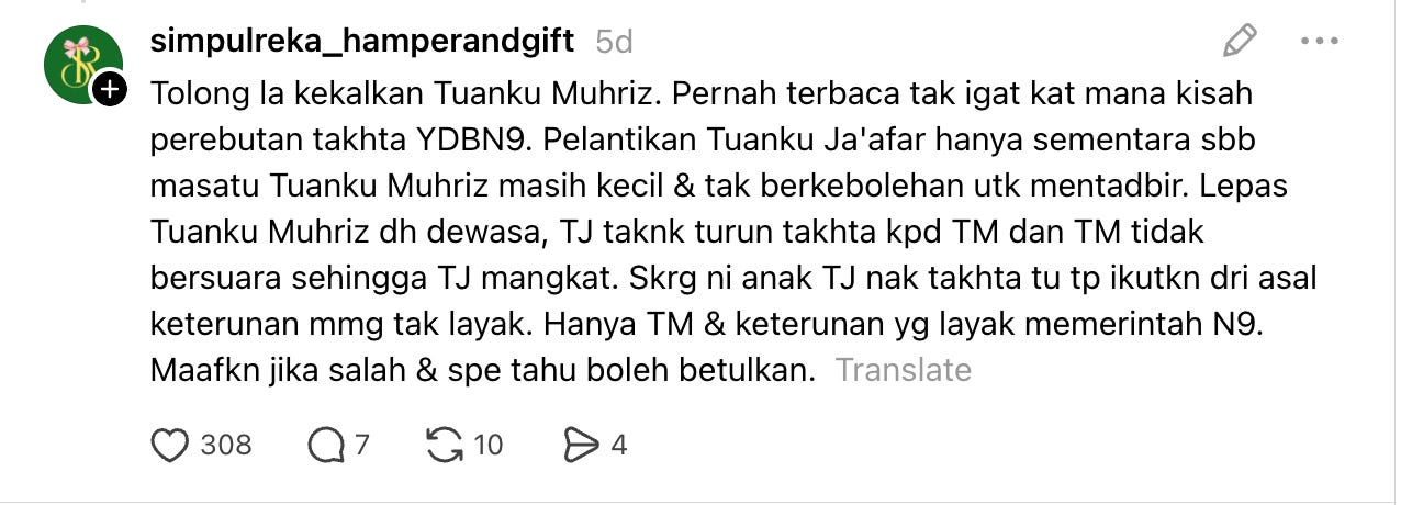 [Translation: "Please keep Tuanku Muhriz. I once read somewhere — I don't remember where — the story of the battle for the YDBN9 throne. The appointment of Tuanku Ja'afar was only temporary because at the time Tuanku Muhriz was still young and not capable of ruling. After Tuanku Muhriz became an adult, TJ did not want to step down to TM and TM did not say anything until TJ passed away. Now TJ's children want the throne but following their original lineage they are simply not eligible. Only TM and his lineage are eligible.]
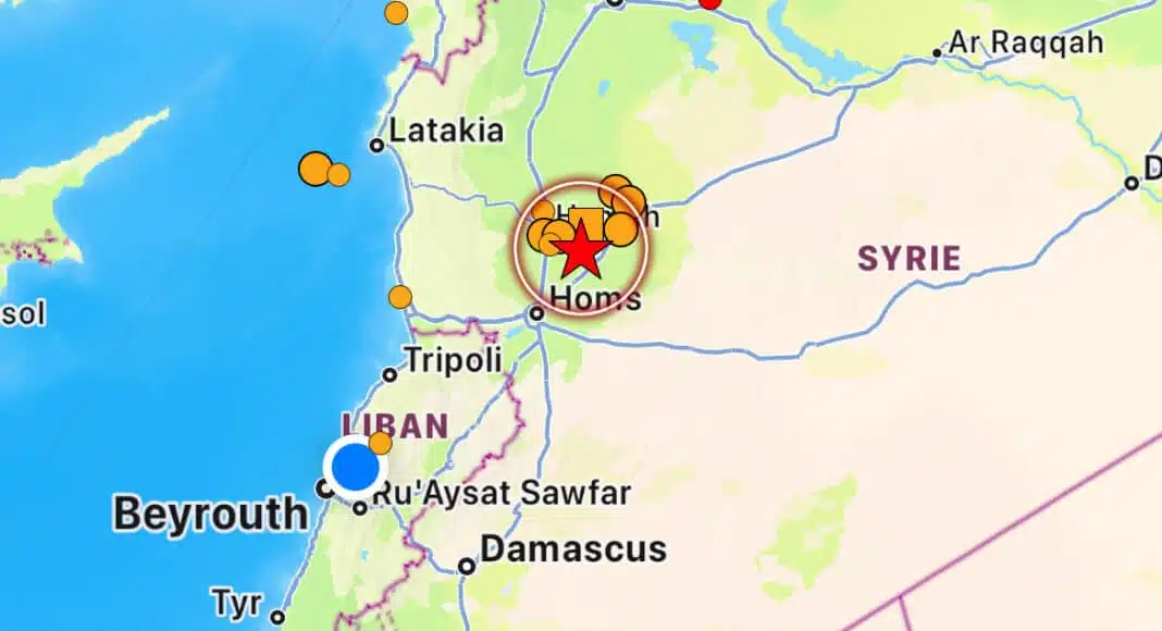 L’épicentre du séisme aurait été localisé à Hama en Syrie à 13 heures 15, à environ 7 km de la surface. Il aurait été estimé à 5.2 sur l’échelle de richter, selon les données dont on dispose actuellement.
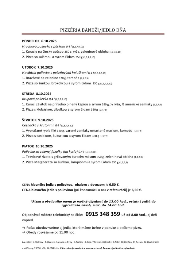 Polievka: Kelová s bielou fazuľou 330l | 2,50 € | v cene menu Krkovička sous vide, slaninová omáčka s cibuľou, pečené zemiaky1 MENU 1 6,50 € Kurací steak na šťave, zemiaková kaša, kompót1,7 MENU 2 6,50 € Divoký losos s parenou zeleninou4,7 MENU 3 7,50 € Segedínsky guľáš, domáca parená knedľa380g, 1,7 MENU 4 6,50 € Kebab tanier400g, 3,7,9,10 MENU KEBAB 7,00 € Šalát s grilovaným hermelínom, jogurtový dresing, brusnice MENU ŠALÁT 6,50 € Dezert: Jablkový koláč s mandľami DEZERT | k menu 2,90 € 3,60 €

## What you have to do
Line by line, give the material above again exactly, but without any pictures.

## The answer
 [Translation: "Please keep Tuanku Muhriz. I once read somewhere — I don't remember where — the story of the battle for the YDBN9 throne. The appointment of Tuanku Ja'afar was only temporary because at the time Tuanku Muhriz was still young and not capable of ruling. After Tuanku Muhriz became an adult, TJ did not want to step down to TM and TM did not say anything until TJ passed away. Now TJ's children want the throne but following their original lineage they are simply not eligible. Only TM and his lineage are eligible.]
 L’épicentre du séisme aurait été localisé à Hama en Syrie à 13 heures 15, à environ 7 km de la surface. Il aurait été estimé à 5.2 sur l’échelle de richter, selon les données dont on dispose actuellement.
 Polievka: Kelová s bielou fazuľou 330l | 2,50 € | v cene menu Krkovička sous vide, slaninová omáčka s cibuľou, pečené zemiaky1 MENU 1 6,50 € Kurací steak na šťave, zemiaková kaša, kompót1,7 MENU 2 6,50 € Divoký losos s parenou zeleninou4,7 MENU 3 7,50 € Segedínsky guľáš, domáca parená knedľa380g, 1,7 MENU 4 6,50 € Kebab tanier400g, 3,7,9,10 MENU KEBAB 7,00 € Šalát s grilovaným hermelínom, jogurtový dresing, brusnice MENU ŠALÁT 6,50 € Dezert: Jablkový koláč s mandľami DEZERT | k menu 2,90 € 3,60 €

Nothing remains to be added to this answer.